For some reason, I decided that watching House of Cards would be a great way to escape the horrifying news cycle we’re in. Oh, 2017!
House of Cards, like Breaking Bad or Mad Men, tells the story of an anti-hero, which is someone who “lives in a universe with a much more cynical [and] ambiguous moral code.” Pretty much the complete opposite of Captain America or Superman.
More specifically, Frank Underwood is an unscrupulous anti-hero. He justifies his dubious actions by pointing to the more sinister behaviour of people surrounding him. He’s bad with a purpose.
Here’s what happened in the first half of the pilot:
- Frank Underwood finds a dog that has recently been hit by a car and, in a chilling moment, he kills the dog to put it out of its “useless pain.”

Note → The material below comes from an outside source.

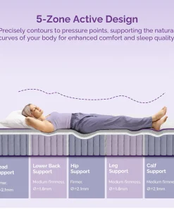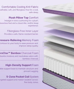 - 5-Zone Pocket Coil Support – Targeted support and excellent motion isolation across five body zones.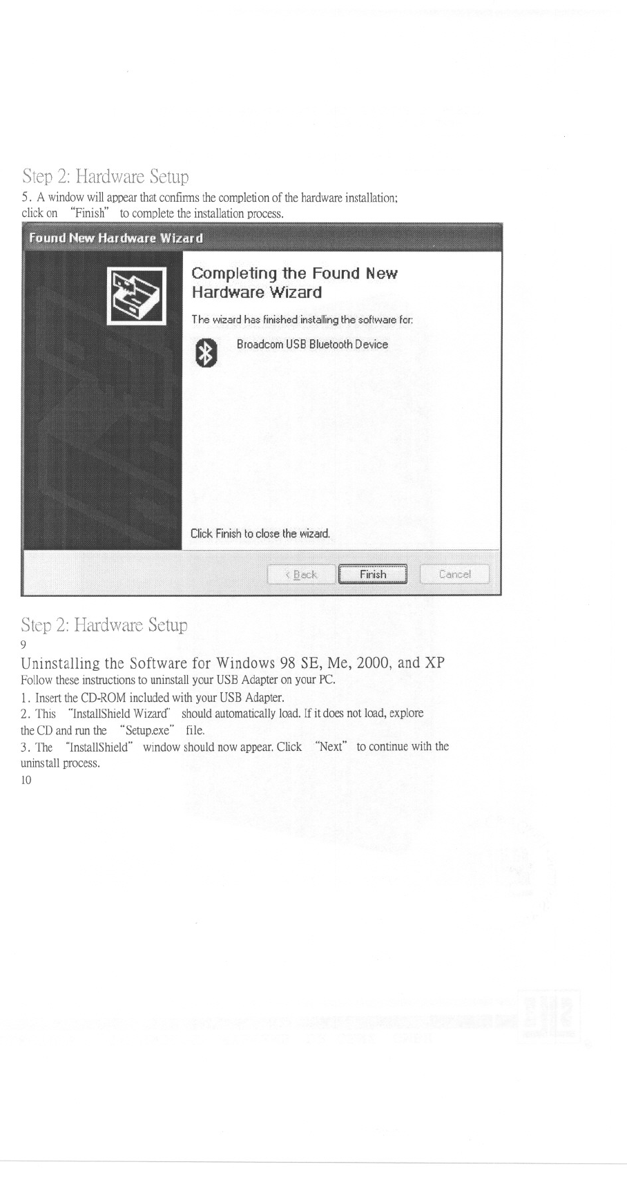 Bluetooth device inserted. Refer to the "Hardware Installation" section of this User

- Frank doesn’t get the coveted Secretary of State role he was promised, but that’s no problem because him and his wife Claire plot their revenge by breaking expensive-looking glass, staying up all night and speaking in dulcet tones.
- Frank agrees to help the incoming Secretary of Education draft a comprehensive education reform bill within the first 100 days.
Here are my predictions:
- Frank kills the guy that was going to be Secretary of State – FALSE. Seeing Frank enter the theatre and play a first-person shooter game gave me some serious Abe Lincoln vibes. I guess he’s not that bad.
- Claire starts a corrupt business dealing that hurts people in need– NOT YET. However, she does approve a measure that would mean firing half of the staff at her charity. Seems kind of shady.
- Nicholas Cage pops in and steals the declaration of independence – FALSE. But a guy can dream, right?
- Things I did predict accurately: Zoey gets leverage over Frank; Frank blackmails a fellow congress person (Peter).
House of Cards is definitely the most interesting show I’ve watched so far for this blog. Can’t wait to see how the rest of the show turns out!
TV Tuttle rates House of Cards 4.5/5 vengeful racks of ribs.